I MPLICATIONS FOR TEACHING

The various relationships between language and the learning of data modelling that are described in this thesis have consequences for the planning of teaching sequences.

Each of the four research papers offers a section on suggestions for teaching. In this section, I will summarise these points and also provide a few additional comments.

The students need help in the process of realizing the different semiotic systems or

language games involved when they engage in data modelling as a social activity.

Even though experts do not seem to take notice of these distinctions (Dreyfus &

Dreyfus, 1986), it has been demonstrated through the research presented in this thesis that novice students need to be more explicit in the way that they handle the various terms and expressions involved when solving a data modelling problem. They need to have metalinguistic awareness.

The distinction between natural and artificial languages play a particularly important role in this respect, both for scientific concept building and for labelling of attributes and entities. It is therefore advisable that the teacher spends some time focusing on different types of language games, and on the meaning of utterances as defined through actual use, and not from predefined rules or by definition in a dictionary. Teaching scientific concepts to novices, it is furthermore important not only to explain how the constructs are intended to function, and what their meanings are (from an established scientific point of view). One needs also to emphasise how these understandings of the constructs differ from the natural language use of the corresponding terms.
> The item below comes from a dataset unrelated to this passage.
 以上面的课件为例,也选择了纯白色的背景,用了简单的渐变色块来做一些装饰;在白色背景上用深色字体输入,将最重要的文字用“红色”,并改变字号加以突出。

In science teaching this has been addressed by sharing with students the idea that learning science (or computing) involves learning a new language to talk and think about familiar things. In some cases the terms are familiar and carry familiar meanings; in other cases the reverse is true (Mortimer & Scott, 2003). Paper 2 offers some further explicit suggestions of possible classroom activities that may be adopted in order to improve the metalinguistic awareness of the students. These are mainly concerned with helping the students realise the distinctions.
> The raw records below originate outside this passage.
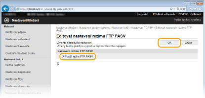 Zaškrtněte políčko [Použít režim FTP PASV] a klikněte na tlačítko [OK].
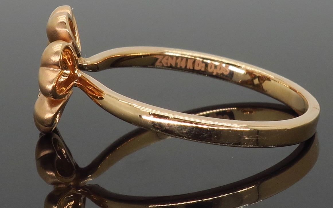 One 14KT Rose Gold 0.05ctw Diamond Ring. Round Diamonds with a total weight of 0.05cts with a color of G-I and clarity of SI-2 to I-1. Total weight of this ring is 2.4 grams. Ring size is 6.5.
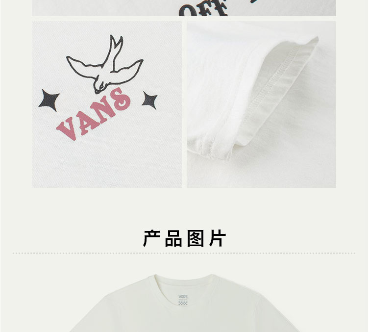 VANS女子短袖T恤夏季彩色图案蝴蝶米白色VN0A7Q17FS8
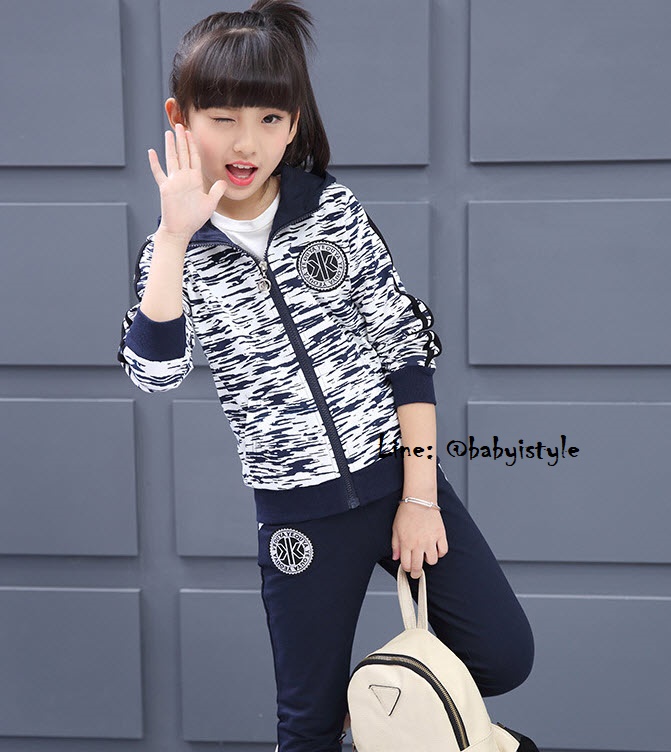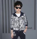 เด็กโต-ชุด2ชิ้นเสื้อแขนยาวจั๊มพ์สีขาวลายพรางสีกรม ซิปหน้า มีกระเป๋าหน้า(ไม่มีเสื้อตัวใน)

The next step is to provide situations where the students practice formulating explicitly what they mean by the terms they choose to use as labels, and to distinguish between this meaning and their pre-knowledge from everyday language. In the related field of mathematics education, Shoenfeld (1992) describes positive results from an experiment trying to improve students’ problem solving capabilities through increased metaknowledge. In the experiment, the teacher continuously moves around the classroom stopping at the table of individuals or groups and always asks the same set of questions; i.e. “ What (exactly) are you doing?”, “why are you doing it?” and “How does it help you?” (Shoenfeld, 1992: p356). Eventually the students got used to the questions, and were generally better prepared to give a satisfactory answer when the

teacher approached them. After a while, the teacher was able to cease the questioning as the students were now asking themselves the same set of questions each time they came to a decision point. This approach can easily be adapted to a computer science classroom, and to focus on the metalinguistic awareness of the students instead of their problem solving capabilities. Questions that could be used include: “What have you labelled that entity?”, “What exactly is the meaning of the entity?” and “How does that meaning correspond to the term you have chosen?”. The answers to these questions would address both the issue of labelling and use of vernacular lexis, and the issue of creating abstract entities for relational phenomena.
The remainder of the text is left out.